Navy Secretary Kenneth Braithwaite, former US ambassador to Norway, aboard the USS Iwo Jima in Oslo in 2018.

WASHINGTON: Navy Secretary Kenneth Braithwaite made his first overseas trip this week since being sworn in May 29, heading back to Norway where he has served as ambassador since February 2018. 

His travel to Oslo will see him formally relinquish his ambassadorship — which he still holds — a unique situation that has seen him hold two Senate-confirmed positions simultaneously.  

For the past three weeks, Braithwaite has been focused on getting his arms around the Navy’s 2021 budget request currently winding its way through the House and Senate, while working with Defense Secretary Mark Esper’s office on the service’s much-delayed shipbuilding plan, which Esper took control over in February.

Plans call for Braithwaite to spend a few days in Oslo before heading further north to visit the Marine’s rotational force based in Setermoen. He’ll then travel to the UK to meet there with officials.

“The trip marks Braithwaite’s first international engagement as Secretary of the Navy, highlighting the importance of the Transatlantic partnership,” his spokesperson, Cmdr. Sarah Higgins told me via email. “While in Norway, the Secretary will also relinquish his U.S. Ambassadorship.”

The meeting in Norway comes as the Pentagon continues to forge closer ties with the Nordic nation that is undergoing a military transformation by buying new F-35s and P-8 surveillance planes as it increases the size of its military.

While Norwegian officials don’t expect to see any overt aggression from Russia, the two countries share a small border region well above the Arctic Circle that has seen increased Russian submarine and surface ship activity in recent years.

In November, 10 Russian submarines based on the Kola Peninsula cruised into the Barents Sea along the Norwegian coast on their way to the North Atlantic in one of the biggest undersea exercises since the Cold War. That prompted a flyover by three US B-52s, and the very public docking of the USS Minnesota, a nuclear-powered fast attack submarine, at Haakonsvern Naval Base on Norway’s west coast. The show of force was accompanied by the US Sixth Fleet tweeting photos of an MK-48 Advanced Capability torpedo being loaded aboard the boat along with a port visit by the guided-missile destroyer USS Gridley in Tromso.

Just last week, American B-2 bombers made a roundtrip flight from Whiteman Air Force Base in Missouri to train and fly with Norwegian F-35s north of the Arctic Circle. In May, four US destroyers and a Royal Navy frigate entered the Barents Sea together for the first time since the 1980s, running a series of anti-submarine drills.

Russia’s Kola Peninsula, just west of Norway’s northernmost point, is home to the prized Northern Fleet and some of Moscow’s most advanced long-range weaponry, assets that can move quickly and without much warning from the high north down the Norwegian coast and into the North Atlantic.

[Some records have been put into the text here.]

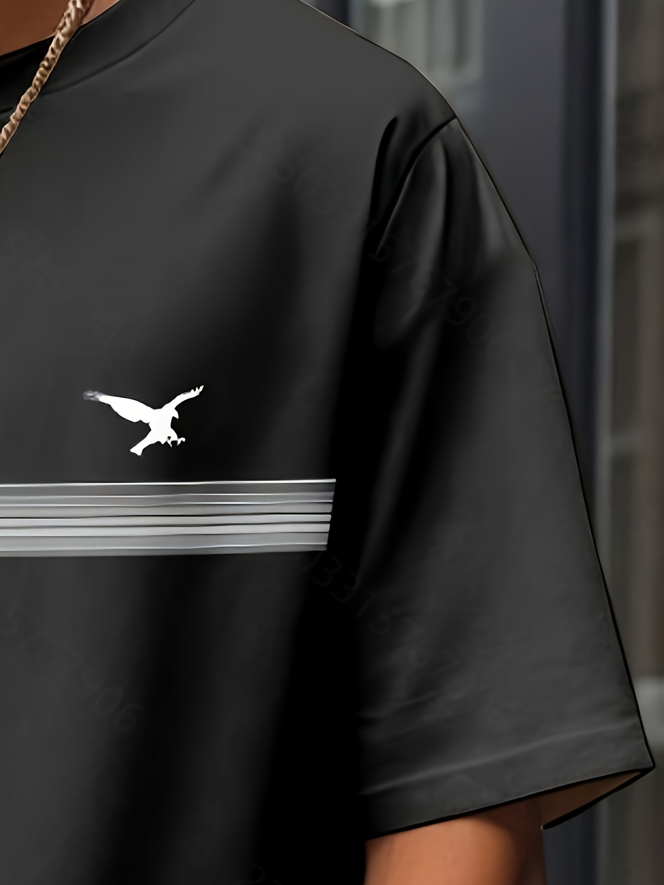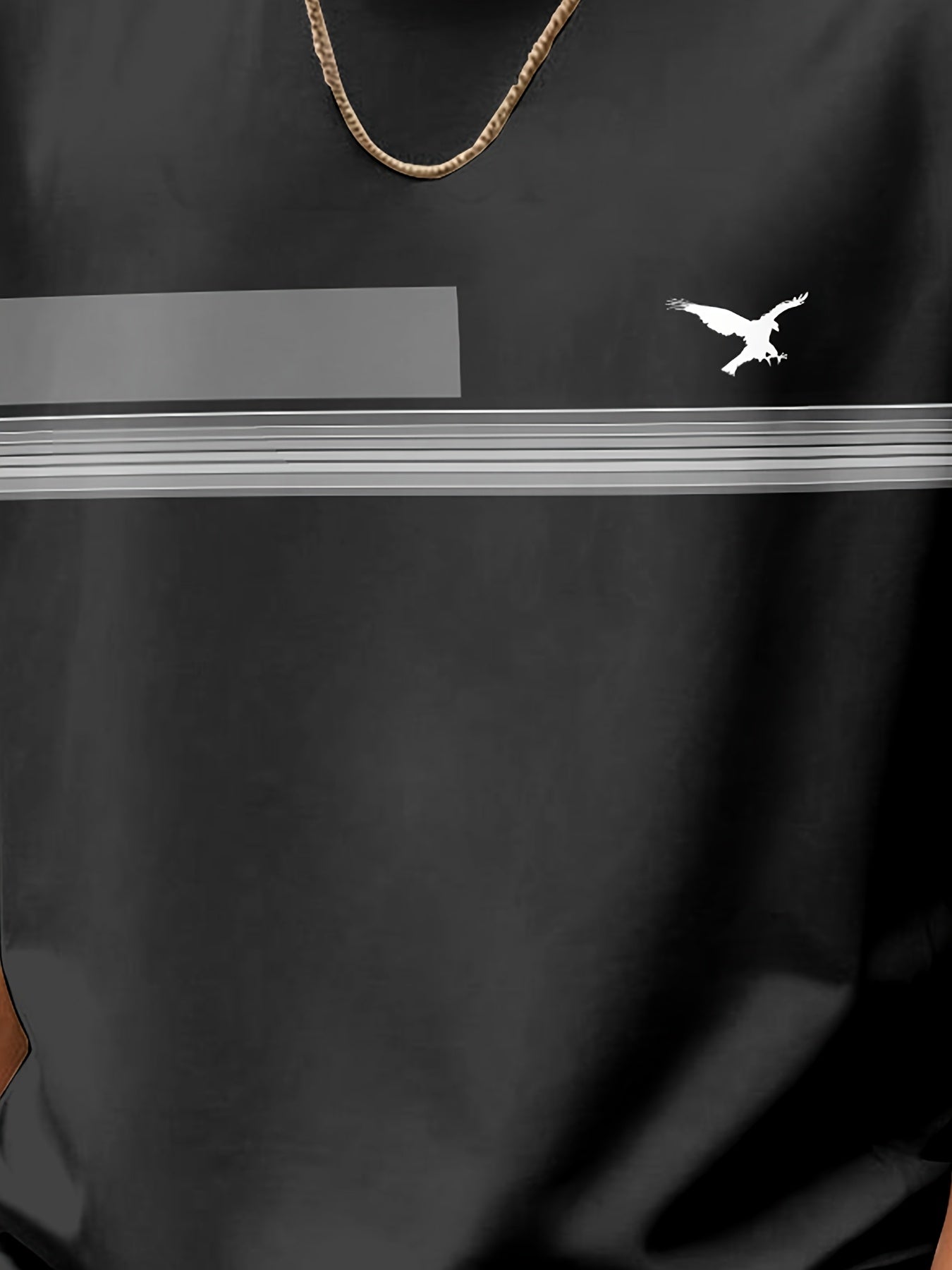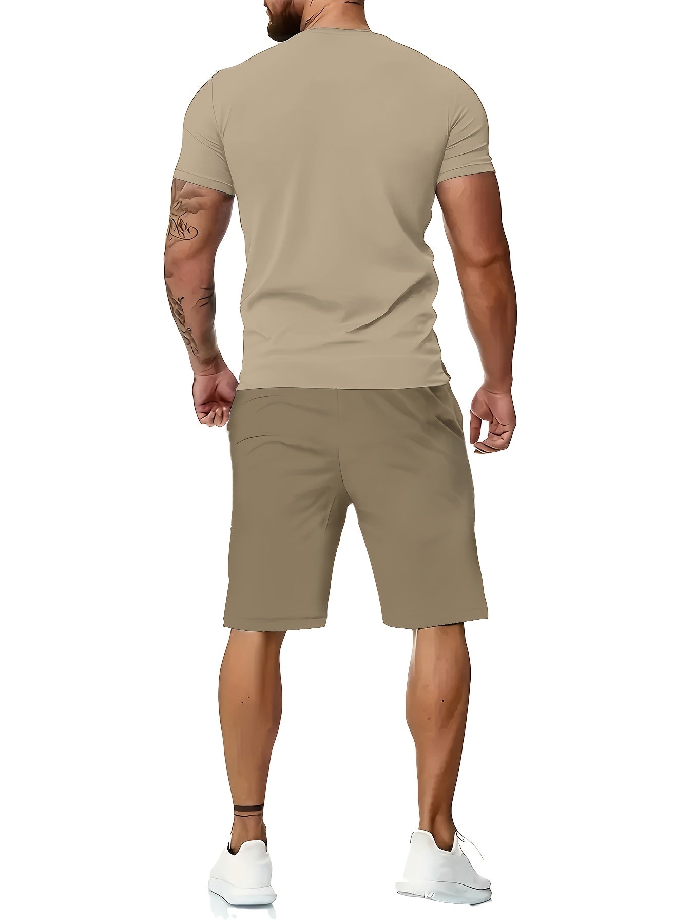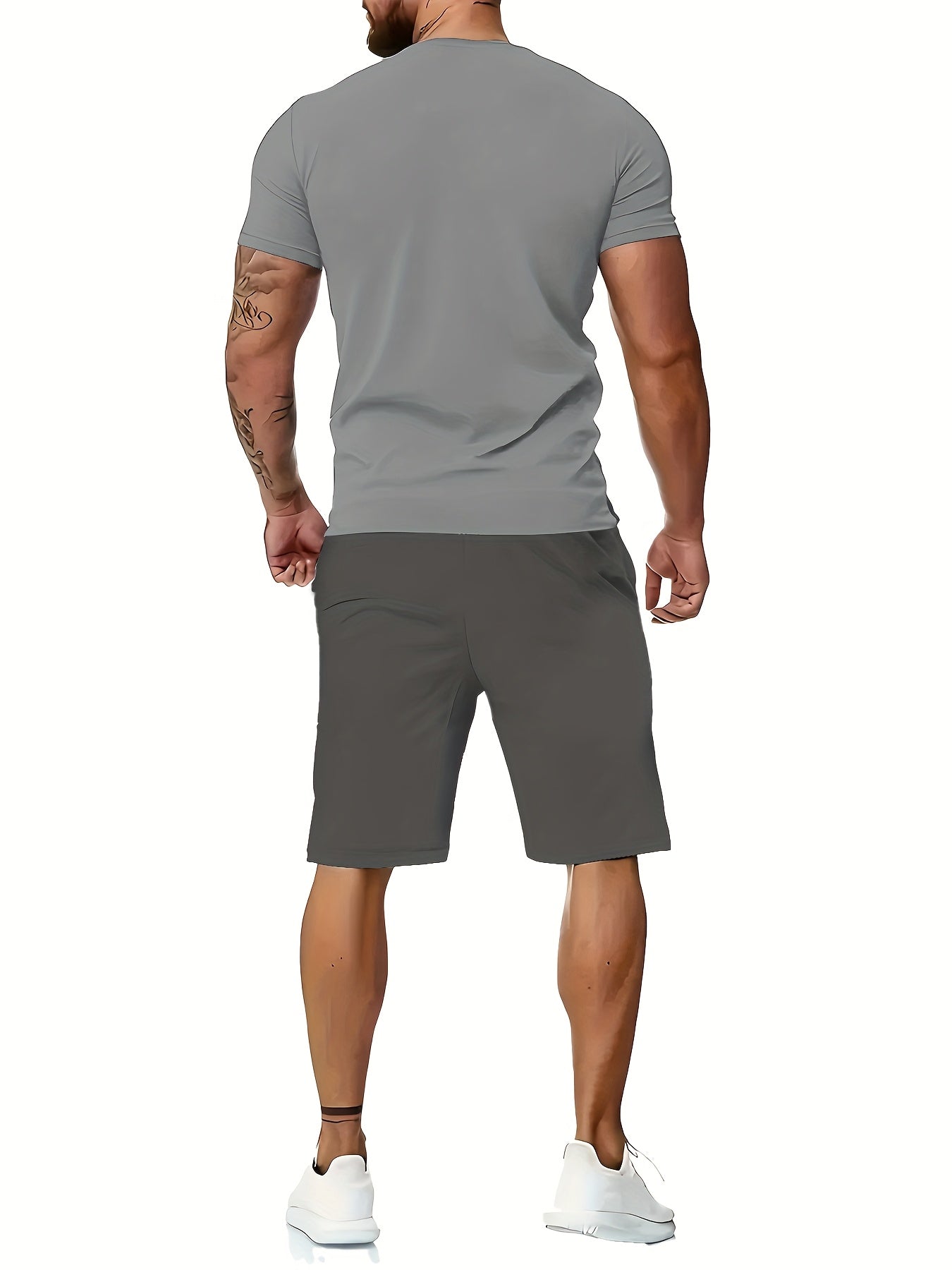 Men'S Casual Summer Two-Piece Athletic Wear Set - Light Blue T-Shirt with Green & White Stripes, Matching Shorts, Perfect for Daily Leisure, Vacation, and Sports, Casual Sportswear | Relaxed Fit Shorts | Stretchable Fabric
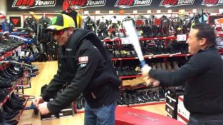 Le vendeur d'un magasin de motos et de scooters dans la ville de Laval, France, faire un spectacle de moto airbag Helite tortue, à un client. Pour prouver la grande robustesse et de protection qui peut être [...]
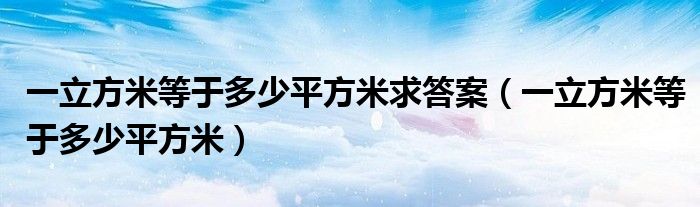 关于一立方米等于多少平方米求答案,一立方米等于多少平方米这个很多人还不知道,今天菲菲来为大家解答以上的问题,现在让我们一起来看看吧!

Norwegian officials said Russia’s submarine exercise was part of a broader effort to push its modernized subs out to sea more often. They also see the moves as validation of the decision to buy P-8 surveillance aircraft and investments in anti-submarine technologies to be placed on surface ships and helicopters. If the Russian Navy were ever able to close the critical stretch of water between Greenland, Iceland and the UK — known as the “GIUK Gap” — up to 80 percent of Norway would be cut off from resupply and reinforcement by sea, making control of the waterway critical to Oslo’s security plans.

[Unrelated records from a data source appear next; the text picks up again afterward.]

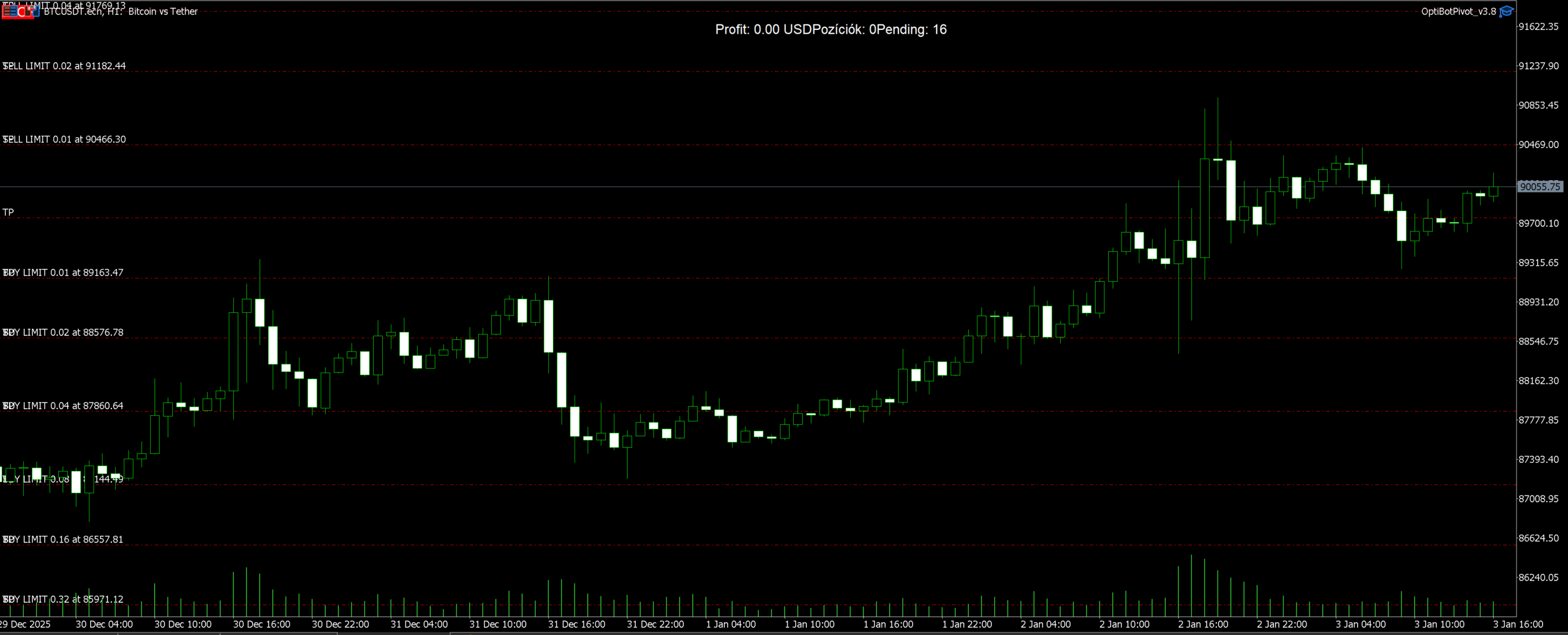 Az OptiBotPivot EA egy teljesen automatizált grid trading stratégia. Az előző nap pivot szintjeit használja 16 potenciális kereskedési lehetőség azonosítására. Progresszívan növekvő pozíciómérettel kereskedik, ami azt jelenti, hogy a stratégia nagyobb nyereségre törekszik, ha az ár továbbmegy az első szinteken túl. Az EA automatikusan indul és zárja naponta, biztosítva, hogy friss szintekből indul minden kereskedési nap. Az egy kézi stop/start vezérléssel is rendelkezik, ha a kereskedő bármilyen okból le szeretné állítani a kereskedést.
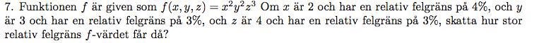 Ja, så mycket förstår jag men jag vet inte hur jag ska använda det för att göra en uppskattning på relativfelgränsen i mitt uttryck. Ska jag sätta typ x=(2±0.08)2 och detsamma för y, z i mitt funktionsuttryck?
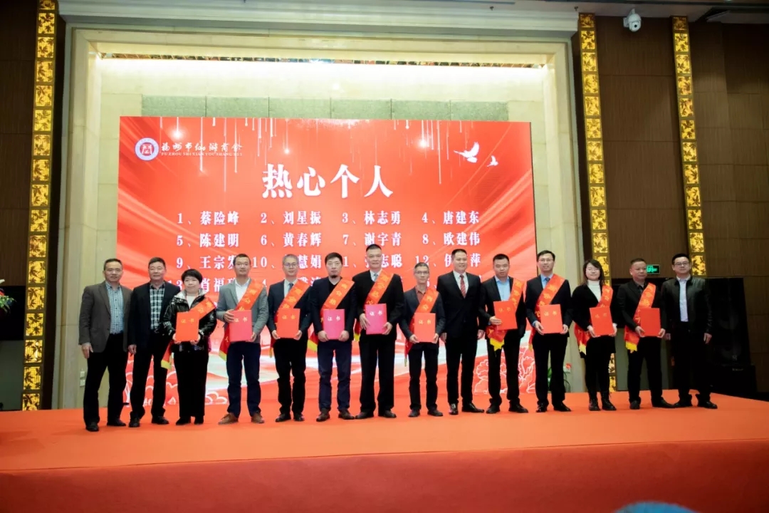 楊鋒監(jiān)事長;羅文棟執(zhí)行會長;唐麗芹常務副會長兼秘書長;常務副會長邱清毓、林承東、張懷玉;鄭瑞椿主任向20名商會熱心個人頒獎

Speaking on a call organized by IISS this morning, Adm. James Foggo, commander of US Naval Forces Europe-Africa, repeated the US government’s concern that the Arctic is becoming a contested space, making it a growing focus for the Navy.

“The environment up there is changing, and not for the better,” he said. “The diminishing ice coverage is causing competition to emerge in this new area.” 

For example, the Chinese government is building new icebreakers at a pace far surpassing the United States, and “Russia has taken an aggressive approach to the Arctic,” including a new icebreaker, the Ivan Papanin, that is equipped to carry the Kalibr cruise missile. “I’ve asked this question a few times and I’ll ask it again. Who puts missiles on icebreakers?” Foggo said, adding, “some countries are putting defensive weapons on their icebreakers, but the Kaliber is hardly a defensive weapon.” There have been reports that Russia is deploying its S-400 air defense system to its Arctic bases.

In response to these moves, the Trump administration earlier this month issued a surprise order to the Coast Guard to undertake a major rethink of current plans for a new heavy icebreaker fleet, calling for the ships to have the ability to launch drones, feature intelligence-collection systems, and hold new “defensive armament” systems. Most significantly, the presidential order demands that the new proposals consider using nuclear-powered propulsion systems, all sharp departures from past practices.

The call potentially complicates existing plans for at least three new icebreakers slated to be built by 2026, and gives the Department of Homeland Security, in conjunction with the State and Defense departments, just 60 days to hatch a plan for a new icebreaker fleet deployable by the end of the decade.